Stored items from a collection:
────────────────

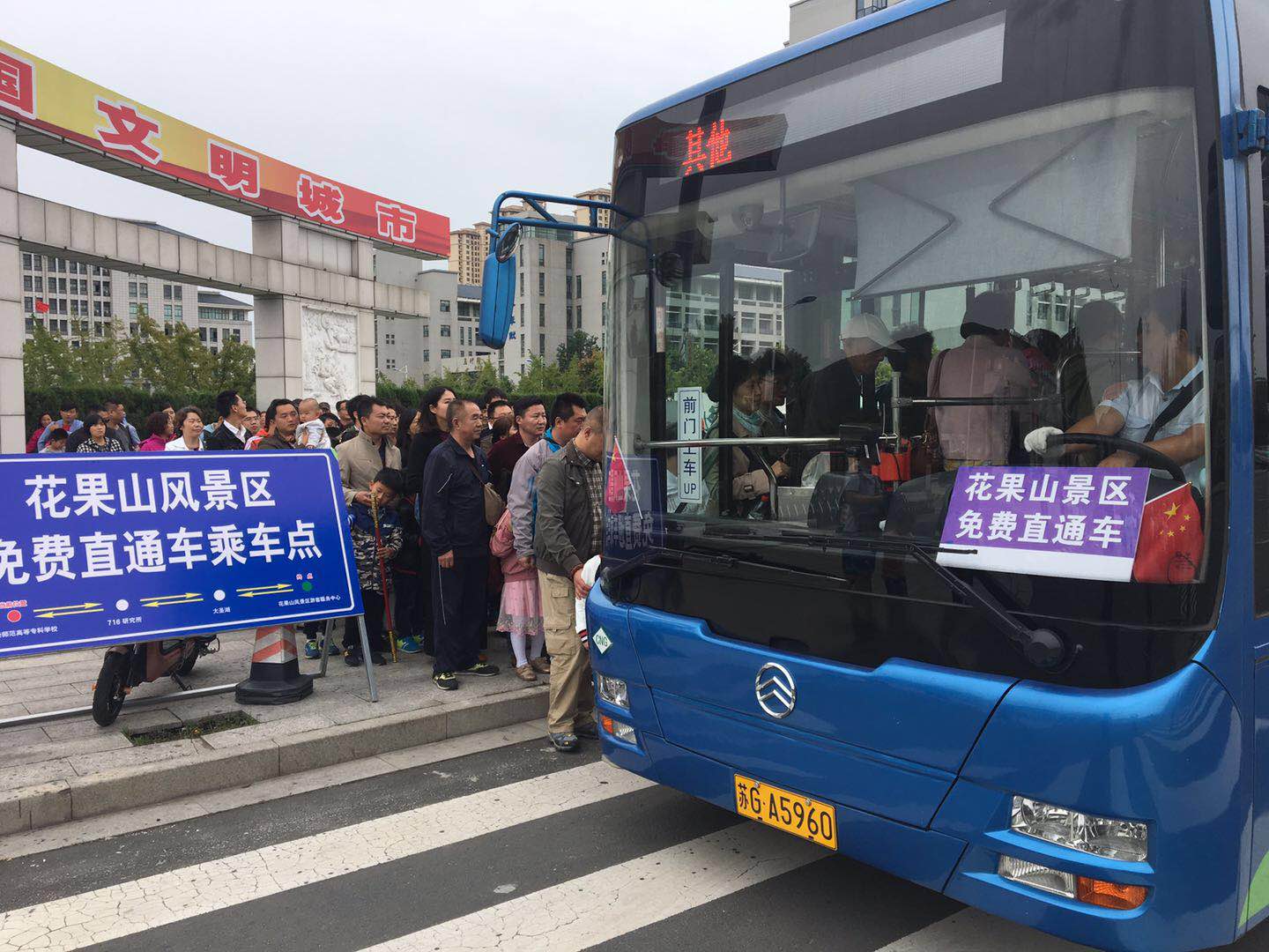 為積極做好雙節(jié)期間車輛優(yōu)質(zhì)服務(wù)工作,確保營運車輛車容車貌整潔,提升公交文明形象,海州公司在每臺運營車輛車頭安插國旗渲染過節(jié)氣氛。在雙節(jié)假期間,雖然有幾天陰雨綿綿,也未擋住游客登高眺遠的步伐,花果山景區(qū)客流人頭攢動,客流較集中。為更好地服務(wù)花果山景區(qū)游客,海州公司運營經(jīng)理江鯉在節(jié)前就如何更好地服務(wù)游客,與花果山園林管理處進行了洽談,最終雙方?jīng)Q定在雙節(jié)假期間,每天計劃安排5臺車開通短駁線——師專至花果山景區(qū)免費直通車。同時,在花果山景區(qū)與師專站點,海州公司安排現(xiàn)場管理人員,進行現(xiàn)場疏導(dǎo)乘客有序乘車。為乘客提供出行信息服務(wù),并結(jié)合現(xiàn)場客流實際,及時與智能調(diào)度平臺溝通,適時調(diào)整班次計劃,確保乘客有序集疏。
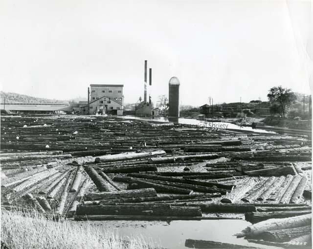 A photo of the mill pond looking toward the mouth of the mill with a power washer cleaning the logs of stones and debris before entering the mill to be sawn. The wood chip and sawdust burner silo and the chimneys of the steamer are to the right of the mill.
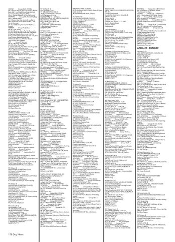 APRIL 27 - SUNDAY CA Chino* (O) LAKE MATHEWS KENNEL CLUB, INC. (S) Prado Regional Park 16700 S Euclid Ave CLOSES: APRIL 9 Jack Bradshaw Dog Shows, SUPT FEE: $30.00-1st/ $25.00-2nd Judges And Their Assignments BEST IN SHOW Mr. R. J. Shreve SPORTING Group: Ms. G. Kerr Col. J. C. Chase: Pntr-GS, Ret-Ches, Ret-Flat, Ret-Lab Mr. H. Falberg: Brit, Pntr-GW, Span-Ckr, Vizs, Weim, Wirehair Ptg Grif Mrs. S. S. Hedgepath: Pointer, Ret-Curl, RetGold, All Setters, Set-Irsh Rd&Wh, Span-Eng Ckr, Span-Wel Spr Ms. G. Kerr: Balance of Sporting Breeds *No Classes: Span-Eng Spr HOUND Group: L. L. Nelson Mr. H. Falberg: Basset Mr. G. D. Boulton: Basenji, Bgle, Dach, Ir Wolf, RhoRidge, Saluki, Whip L. L. Nelson: Balance of Hound Breeds WORKING Group: Mrs. F. Strauss Ms. G. Kerr: Boxer, Dobe Mr. R. J. Shreve: Alas Mal, AnatolShep, Berns Mtn, Blk Russn Terrier, Mast, Sib Hky, Std Schn, Tibtn Mastiff Mrs. F. Strauss: Balance of Working Breeds TERRIER Group: Ms. C. J. Seaberg Mr. C. E. Trotter: Wst Highlnd Ms. C. J. Seaberg: Airdle, Austr, Bull Ter, Dandie, Glen Imaal, Irish Ter, Kerry, Lakelnd, Min Bull Terrs, Norwich Norfolk Mr. R. J. Shreve: Balance of Terrier Breeds TOY Group: Mr. C. E. Trotter Mr. R. J. Shreve: Toy Manch Mrs. F. Strauss: Pood Toy Mrs. S. S. Hedgepath: Yorks Mr. C. E. Trotter: Balance of Toy Breeds NON-SPORTING Group: Mrs. F. Strauss Mrs. F. Strauss: Am Esk Dog, Pood Mr. R. J. Shreve: Boston, Shar-Pei Mr. G. D. Boulton: Balance of Non-Sporting Breeds HERDING Group: Mr. C. E. Trotter Mrs. F. Strauss: OES, Pemb-WC Mrs. J. L. Fink: Bel Mal, Bel Shp, Fin Laph, Swed Vallhund Ms. G. Kerr: AustrlShep, Bel Terv, Brdr Coll, Briard, Card-WC, Coll, GSD, Shetld Mr. R. J. Shreve: Balance of Herding Breeds OBEDIENCE TRIAL CLASSES Dr. W. T. Beauchamp: Nov A, Nov B, Open A, Util A, Util B, Versatility Ms. G. Grissom: Begnr Nov A, Begnr Nov B, Grad Novr, Open B, Grad Openr JR SHOWMANSHIP: Ms. C. J. Seaberg SWEEPS PUPPY: Pharaoh Ms. Gay Dunlap SWEEPS VETERANS: Pharaoh Ms. Gay Dunlap CA City of Industry* (O) ENGLISH SPRINGER SPANIEL CLUB OF SAN FERNANDO VALLEY (S) Industry Hills Exposition Center 16200 Temple Ave CLOSES: APRIL 9 Mrs. Eileen Parr, SHW SEC, 18780 Munsee Rd, Apple Valley, CA 92307 FEE: $30.00-1st/ $16.00-2nd Mrs. B. Hayes: Breed, Jr. Showmanship Ms. K. Moore: Obedience SWEEPS PUPPY Ms. Karen Detterich CA Lodi (O) GREAT DANE CLUB OF NORTHERN CALIFORNIA, INC. (S) Sycamore Lane Kennels 5111 West Sargent Road CLOSES: APRIL 9 Debi Best, SHW SEC, 2463 EASY ST, SAN LEANDRO, CA 94578 FEE: $28.00-1st/ $18.00-2nd SWEEPS PUPPY Mr. R C Williams CA Sacramento (O) SACRAMENTO SIERRA ST. BERNARD CLUB (S) Red Lion Hotel Sacramento Red Lion Hotel Sacramento at Arden Village 1401 Arden Way CLOSES: APRIL 9 Debi Best, SHW SEC, 2463 Easy St, San Leandro, CA 94578 FEE: $27.00-1st/ $13.00-2nd Mr. J. M. Fankhauser: Breed, Jr. Showmanship SWEEPS PUPPY Mr. Mike Dugan CO Denver (I) ROCKY MOUNTAIN SIBERIAN HUSKY CLUB Crowne Plaza Hotel Denver Airport 15500 East 40th Avenue I-70 East CLOSES: APRIL 9 Jan D Curtis, SHW SEC, 2837 W. 49th Street, Evans, CO 80620 Ms. D. Beckman: Breed, Jr. Showmanship
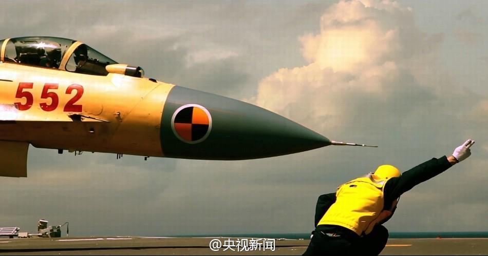 視頻全長將近6分鐘,畫面重點記錄了兩架編號為553和554的殲15戰機起飛、空中訓練及降落的影像。其中一架殲15戰機不是從滑躍甲板起飛,而是從水平甲板起飛。視頻還包括飛機降落時尾部鉤掛攔阻索減速的細部特寫。
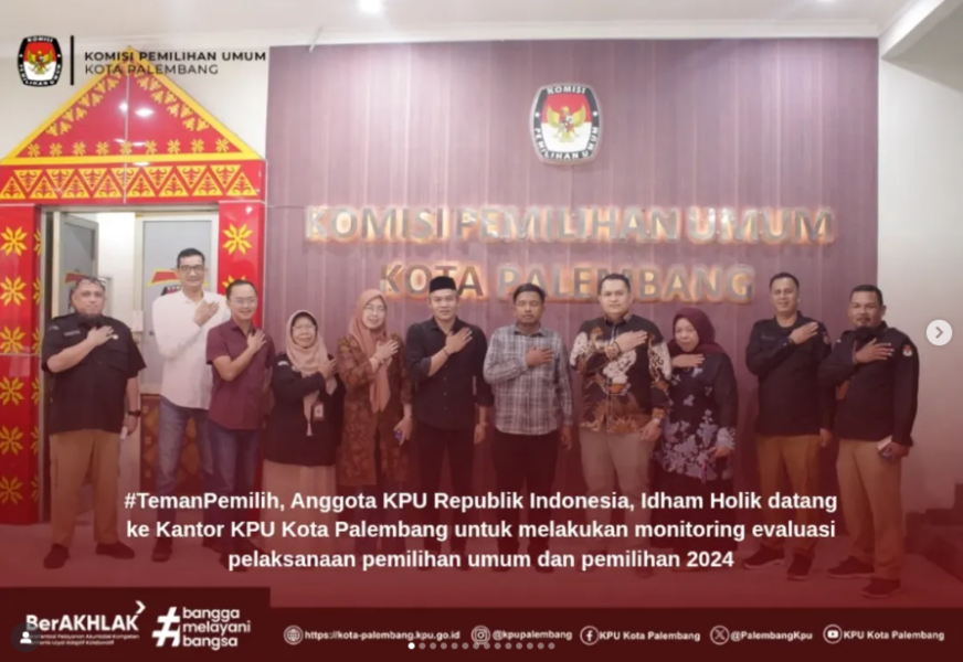 #TemanPemilih, Anggota KPU Republik Indonesia, Idham Holik datang ke Kantor KPU Kota Palembang untuk melakukan monitoring evaluasi pelaksanaan pemilihan umum dan pemilihan 2024, diterima langsung kedatangan beliau oleh Ketua dan Anggota KPU Kota Palembang, Sekretaris dan Kasubbag KPU Kota Palembang.
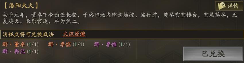 在洛阳大火事件中,可以用五星董卓、李儒和四星李傕、郭汜,兑换事件战法火炽原燎。
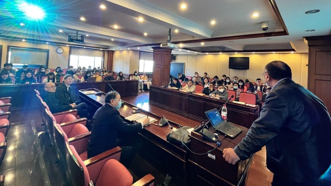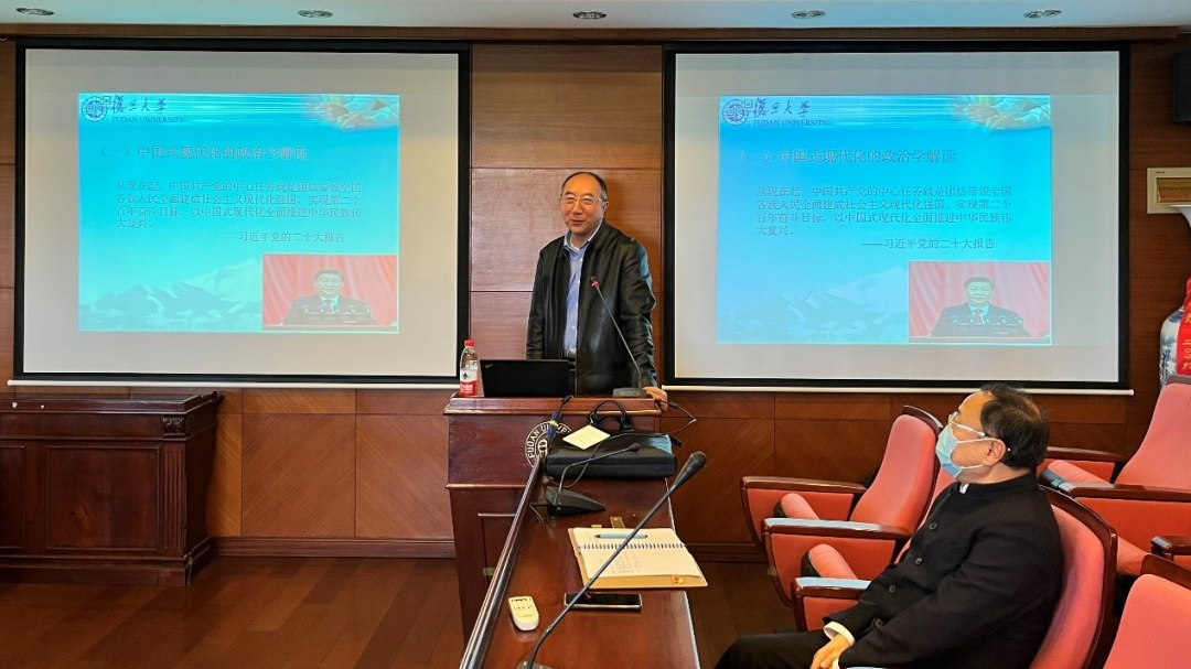 11月15日,bet365体育 于文科楼826会议室举办了“国箴务实论坛”,本次讲座是bet365体育 学习二十大精神系列的第二讲,由bet365体育 教授、政治学系系主任、复旦大学二十大精神宣讲团成员郭定平老师主讲,主题是“中国式现代化的政治学理论体系——从新型政党制度到政治文明新形态”。bet365体育 党委书记刘季平老师主持本次讲座,bet365体育 党政领导班子以及学生党支部书记、党员代表参与讲座。
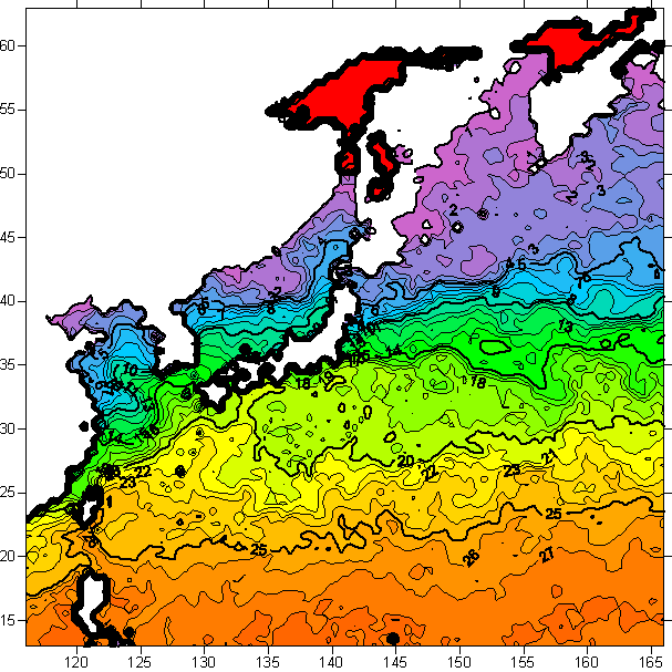 o 2006년 2월 10일 북서태평양 광역해양 수온분포 입니다.
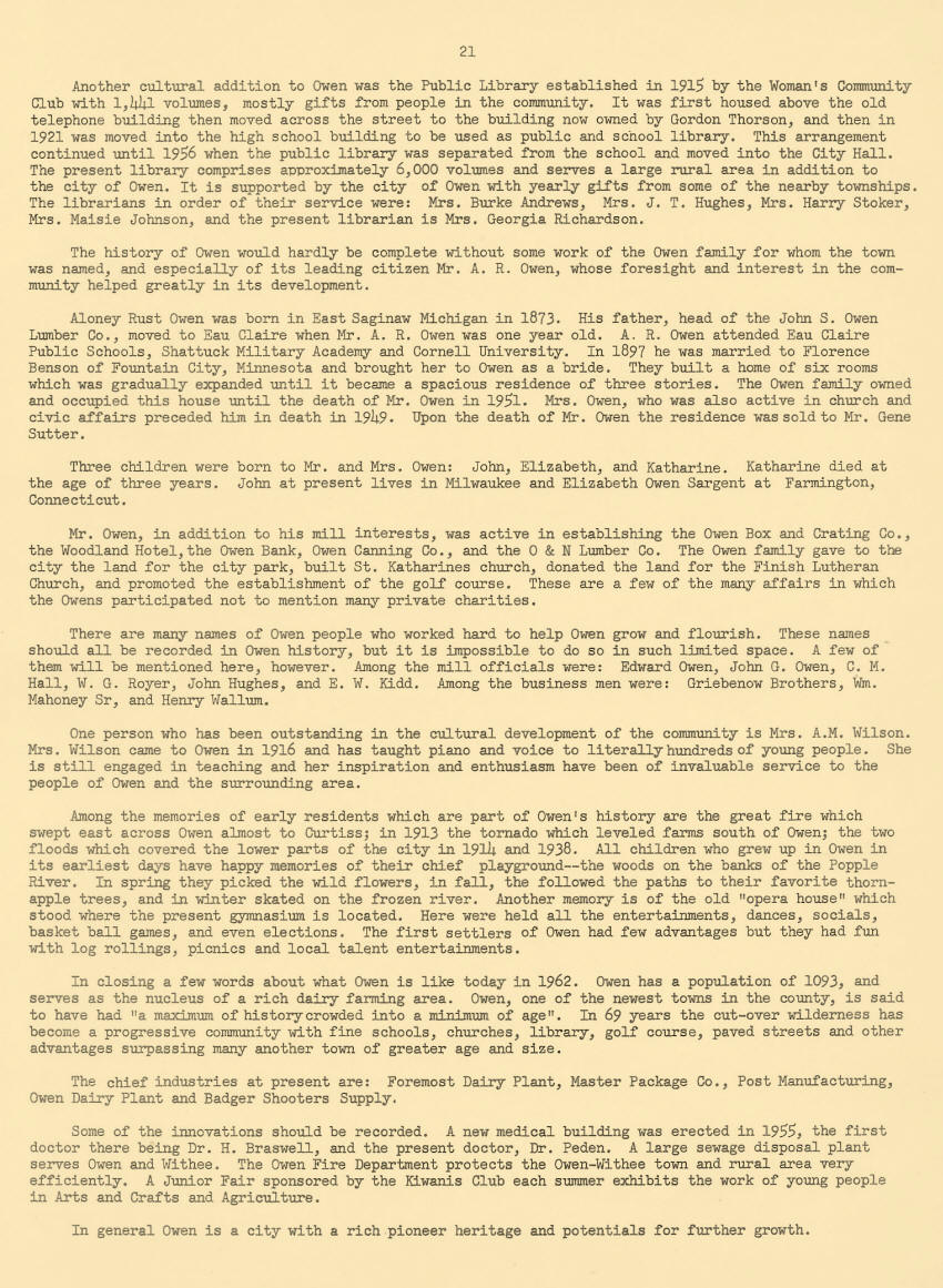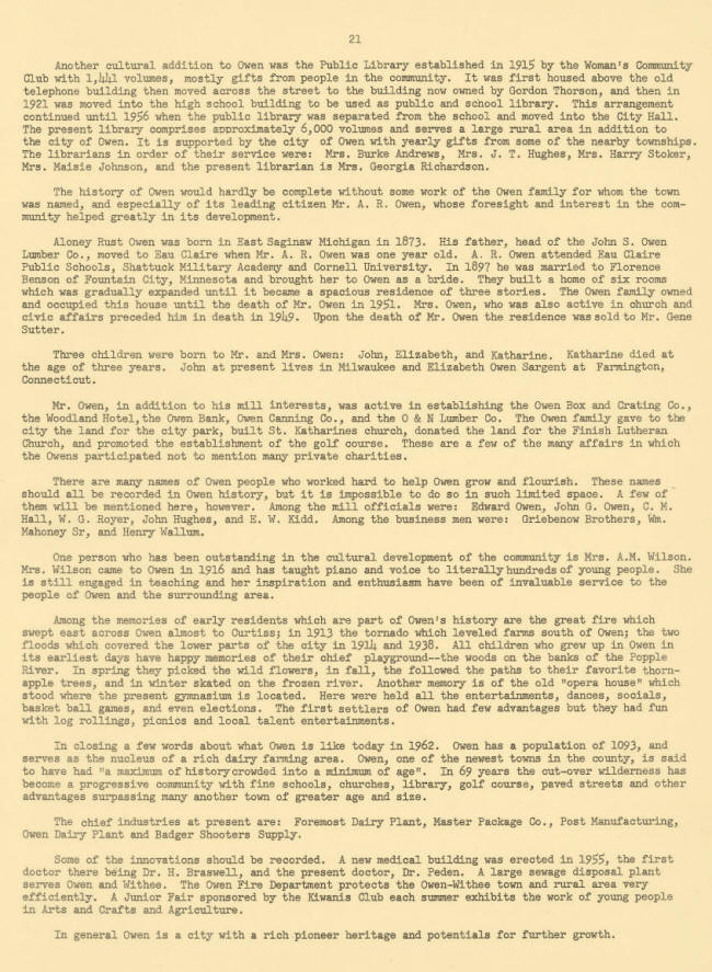 Dr. Peden. A large sewage disposal plant serves Owen and Withee. The Owen Fire
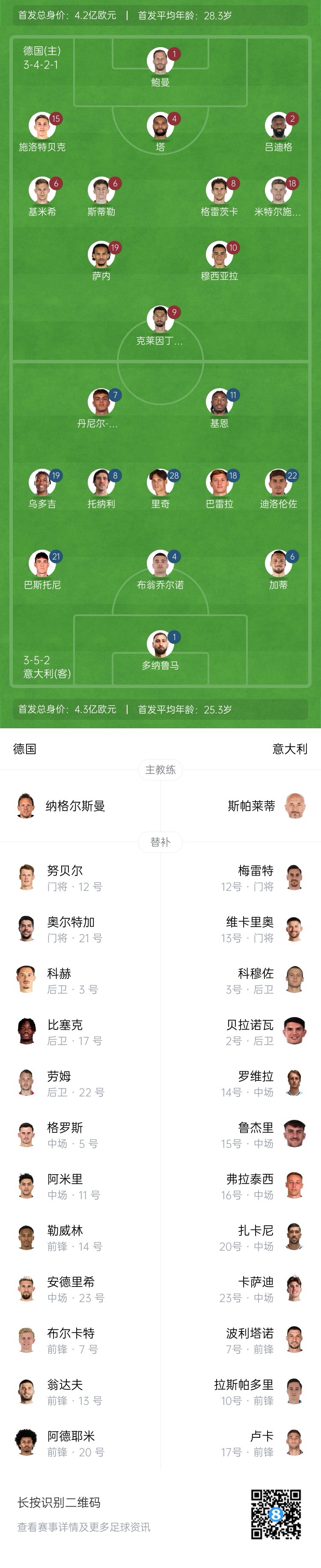 3月24日訊 歐國(guó)聯(lián)1/4決賽次回合,德國(guó)vs意大利首發(fā)出爐。陣容更新中。首回合對(duì)陣,德國(guó)2-1意大利。
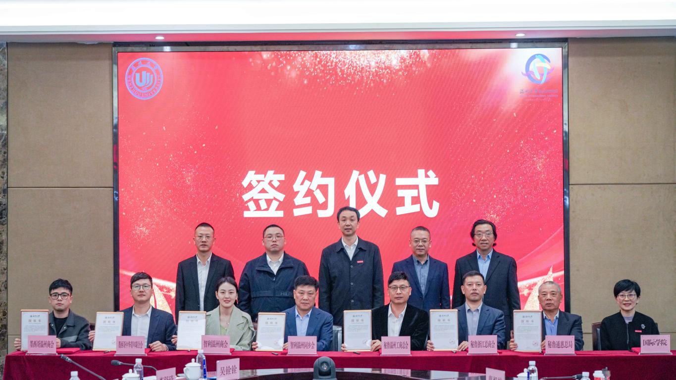 最后,在市、区侨联领导和校领导的共同见证下,买球的app排行榜前十名推荐党总支书记林爱菊与秘鲁通惠总局主席沈达坚、秘鲁浙江总商会会长楼兵强、秘鲁温州工商总会代会长张剑英、智利温州同乡会名誉会长林良松、智利温州商会副会长吴宾洁、墨西哥中华青年联合会副会长陈温畅及墨西哥温州商会副会长林浩敏等7位侨团代表一同签署了合作协议,并为各位代表颁发开展“留学温大”招生宣传相关工作的授权书。
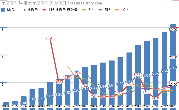 맥도날드 배당금 및 배당성장률 차트 (2004년~2023년)
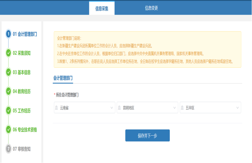 (1)从事会计相关工作的人员,按单位营业执照工商登记所在地选择(如:云南省市场监督管理局颁发的营业执照选择省直属,州、市级和县、市、区级市场监督管理局颁发的营业执照,选择对应所属地)。

────────────────

• _Activity_: Without any pictures, reproduce exactly the lines from the line that contains "最后,在市、区侨联领导和校领" to the end of the entries above, both ends included.

• _Problem solution_:
 最后,在市、区侨联领导和校领导的共同见证下,买球的app排行榜前十名推荐党总支书记林爱菊与秘鲁通惠总局主席沈达坚、秘鲁浙江总商会会长楼兵强、秘鲁温州工商总会代会长张剑英、智利温州同乡会名誉会长林良松、智利温州商会副会长吴宾洁、墨西哥中华青年联合会副会长陈温畅及墨西哥温州商会副会长林浩敏等7位侨团代表一同签署了合作协议,并为各位代表颁发开展“留学温大”招生宣传相关工作的授权书。
 맥도날드 배당금 및 배당성장률 차트 (2004년~2023년)
 (1)从事会计相关工作的人员,按单位营业执照工商登记所在地选择(如:云南省市场监督管理局颁发的营业执照选择省直属,州、市级和县、市、区级市场监督管理局颁发的营业执照,选择对应所属地)。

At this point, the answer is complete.